Ce désengagement ciblé est la condition quasi obligée d’un feu vert réglementaire : la part de marché cumulée d’Intesa et de MPS dépasserait sinon les seuils admis dans plusieurs régions. La finalisation, visée pour décembre 2026, reste suspendue à l’aval des superviseurs — Banque centrale européenne en tête — et au vote des actionnaires d’Intesa, attendu à la rentrée. Le rapprochement, s’il se concrétise, refermerait l’un des dossiers les plus emblématiques du secteur : celui de la banque siennoise, rescapée de la crise, devenue pièce maîtresse de la consolidation européenne.
Intesa Sanpaolo a lancé le 8 juin 2026 une offre de 30,6 milliards d’euros sur Monte dei Paschi, sur la base de 1,6 action Intesa plus 1 euro par titre MPS (prime de 12,5 %). En cas de succès, Intesa deviendrait la deuxième banque européenne par la capitalisation. L’offre coiffe la proposition rivale de Banco BPM et prévoit la cession d’environ 635 agences à Unipol. Échéance clé : une finalisation visée pour décembre 2026, sous réserve de l’aval des régulateurs.
Questions fréquentes
Combien vaut l’offre d’Intesa Sanpaolo sur Monte dei Paschi ?

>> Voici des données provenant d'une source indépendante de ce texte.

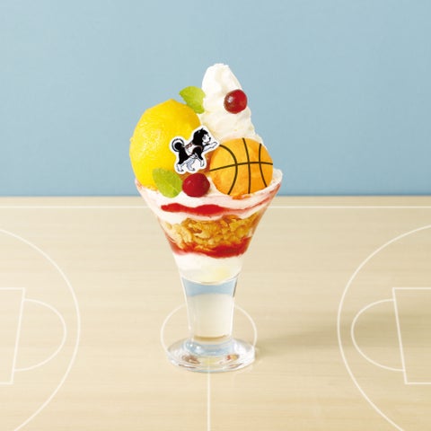 1,650円(税込) 誠凛高校のユニフォームカラーをイメージ。バスケットボールに見立てたオレンジシャーベット、テツヤ2号、リコのレモンのはちみつ漬けをイメージしたレアチーズムース、レモンの果肉入りジュレが特徴。 |

L’offre publique d’échange et d’achat lancée le 8 juin 2026 valorise l’ensemble de Banca Monte dei Paschi di Siena à 30,6 milliards d’euros, sur la base de 1,6 action Intesa nouvelle et 1 euro en numéraire par action MPS, soit environ 10,09 euros par titre.
Pourquoi cette opération est-elle stratégique pour Intesa ?
En absorbant Monte dei Paschi, Intesa Sanpaolo deviendrait le deuxième groupe bancaire européen par la capitalisation boursière. L’opération vise à atteindre une taille critique face aux grandes banques américaines et s’inscrit dans la consolidation du secteur bancaire de la zone euro encouragée par la BCE.
Quel est le rôle de Banco BPM dans ce dossier ?
La veille de l’offre d’Intesa, Banco BPM — dont le Crédit Agricole détient environ 20 % — avait proposé à MPS une fusion amicale entre égaux. L’offre d’Intesa, en activant la règle de passivité, neutralise temporairement cette proposition concurrente.
Quand l’opération doit-elle être finalisée ?
Intesa vise une finalisation d’ici décembre 2026, sous réserve de l’approbation des autorités de concurrence et de supervision, au premier rang desquelles la Banque centrale européenne, ainsi que du vote de ses actionnaires.